Question

The lifetime of lightbulbs that are advertised to last for 4000 hours are normally distributed with a mean of 4250 hours and a standard deviation of 300 hours. What is the probability that a bulb lasts longer than advertised

Answer 1

Answer:

79.67% probability that a bulb lasts longer than advertised

Step-by-step explanation:

Problems of normally distributed samples are solved using the z-score formula.

In a set with mean $\mu$ and standard deviation $\sigma$, the zscore of a measure X is given by:

$Z = \frac{X - \mu}{\sigma}$

The Z-score measures how many standard deviations the measure is from the mean. After finding the Z-score, we look at the z-score table and find the p-value associated with this z-score. This p-value is the probability that the value of the measure is smaller than X, that is, the percentile of X. Subtracting 1 by the pvalue, we get the probability that the value of the measure is greater than X.

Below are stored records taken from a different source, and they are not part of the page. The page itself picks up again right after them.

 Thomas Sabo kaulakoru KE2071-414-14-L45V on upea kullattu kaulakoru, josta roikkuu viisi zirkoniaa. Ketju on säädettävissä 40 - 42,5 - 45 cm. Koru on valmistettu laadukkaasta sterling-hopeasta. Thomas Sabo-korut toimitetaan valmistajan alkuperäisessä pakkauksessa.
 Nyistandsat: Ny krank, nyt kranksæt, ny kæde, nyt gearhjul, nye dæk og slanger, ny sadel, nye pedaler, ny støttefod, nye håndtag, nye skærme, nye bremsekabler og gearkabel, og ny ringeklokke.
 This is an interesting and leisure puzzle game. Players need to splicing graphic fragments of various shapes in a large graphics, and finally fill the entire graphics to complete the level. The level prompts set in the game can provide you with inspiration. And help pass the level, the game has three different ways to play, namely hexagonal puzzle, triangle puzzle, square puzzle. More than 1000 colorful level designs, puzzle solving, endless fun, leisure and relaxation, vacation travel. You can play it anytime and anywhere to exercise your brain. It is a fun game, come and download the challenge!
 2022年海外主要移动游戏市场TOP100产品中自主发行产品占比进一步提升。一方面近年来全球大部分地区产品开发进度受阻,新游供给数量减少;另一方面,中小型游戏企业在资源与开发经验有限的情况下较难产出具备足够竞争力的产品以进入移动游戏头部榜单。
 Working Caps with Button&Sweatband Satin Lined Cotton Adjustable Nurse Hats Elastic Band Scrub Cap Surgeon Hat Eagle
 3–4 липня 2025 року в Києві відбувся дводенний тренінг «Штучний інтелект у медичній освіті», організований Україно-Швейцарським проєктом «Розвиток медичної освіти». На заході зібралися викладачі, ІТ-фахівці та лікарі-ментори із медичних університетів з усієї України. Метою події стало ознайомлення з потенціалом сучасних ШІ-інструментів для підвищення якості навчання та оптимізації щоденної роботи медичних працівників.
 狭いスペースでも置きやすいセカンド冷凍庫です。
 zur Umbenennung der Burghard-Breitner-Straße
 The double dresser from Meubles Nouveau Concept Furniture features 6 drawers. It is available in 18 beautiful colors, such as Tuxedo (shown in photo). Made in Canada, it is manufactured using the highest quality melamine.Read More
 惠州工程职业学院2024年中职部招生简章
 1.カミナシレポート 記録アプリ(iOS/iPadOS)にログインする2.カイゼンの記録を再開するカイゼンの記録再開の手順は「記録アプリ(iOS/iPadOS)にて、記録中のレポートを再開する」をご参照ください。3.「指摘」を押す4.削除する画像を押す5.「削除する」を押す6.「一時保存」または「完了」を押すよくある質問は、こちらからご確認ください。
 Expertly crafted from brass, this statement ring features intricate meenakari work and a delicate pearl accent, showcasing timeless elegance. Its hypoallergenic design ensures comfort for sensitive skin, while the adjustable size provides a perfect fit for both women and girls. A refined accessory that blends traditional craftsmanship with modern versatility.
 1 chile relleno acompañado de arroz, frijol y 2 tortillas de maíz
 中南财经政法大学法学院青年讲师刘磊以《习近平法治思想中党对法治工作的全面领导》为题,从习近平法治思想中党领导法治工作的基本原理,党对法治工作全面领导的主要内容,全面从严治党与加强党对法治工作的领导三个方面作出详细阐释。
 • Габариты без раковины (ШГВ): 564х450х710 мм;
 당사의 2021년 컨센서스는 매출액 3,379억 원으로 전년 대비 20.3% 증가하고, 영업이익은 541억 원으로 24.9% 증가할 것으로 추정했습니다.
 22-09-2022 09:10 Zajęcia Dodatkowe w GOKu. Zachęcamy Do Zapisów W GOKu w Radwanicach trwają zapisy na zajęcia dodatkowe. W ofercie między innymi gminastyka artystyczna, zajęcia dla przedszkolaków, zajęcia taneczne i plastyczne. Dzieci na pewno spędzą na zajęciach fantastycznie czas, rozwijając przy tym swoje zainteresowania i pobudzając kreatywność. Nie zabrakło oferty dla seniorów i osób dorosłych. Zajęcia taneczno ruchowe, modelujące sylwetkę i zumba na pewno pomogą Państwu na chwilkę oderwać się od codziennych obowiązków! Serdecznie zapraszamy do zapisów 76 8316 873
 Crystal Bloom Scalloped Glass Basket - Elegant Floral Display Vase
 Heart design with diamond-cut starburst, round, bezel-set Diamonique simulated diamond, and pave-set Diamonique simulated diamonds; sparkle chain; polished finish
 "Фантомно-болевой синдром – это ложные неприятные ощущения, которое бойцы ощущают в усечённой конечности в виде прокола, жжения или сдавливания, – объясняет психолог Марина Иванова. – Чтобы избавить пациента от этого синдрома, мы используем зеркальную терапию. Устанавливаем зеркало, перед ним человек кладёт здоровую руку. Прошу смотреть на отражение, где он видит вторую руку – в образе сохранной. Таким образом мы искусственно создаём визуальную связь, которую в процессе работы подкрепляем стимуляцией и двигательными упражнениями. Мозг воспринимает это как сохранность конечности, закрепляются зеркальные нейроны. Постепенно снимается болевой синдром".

In this problem, we have that:

$\mu = 4250, \sigma = 300$

What is the probability that a bulb lasts longer than advertised?

This is 1 subtracted by the pvalue of Z when X = 4000. So

$Z = \frac{X - \mu}{\sigma}$

$Z = \frac{4000 - 4250}{300}$

$Z = -0.83$

$Z = -0.83$ has a pvalue of 0.2033

1 - 0.2033 = 0.7967

79.67% probability that a bulb lasts longer than advertised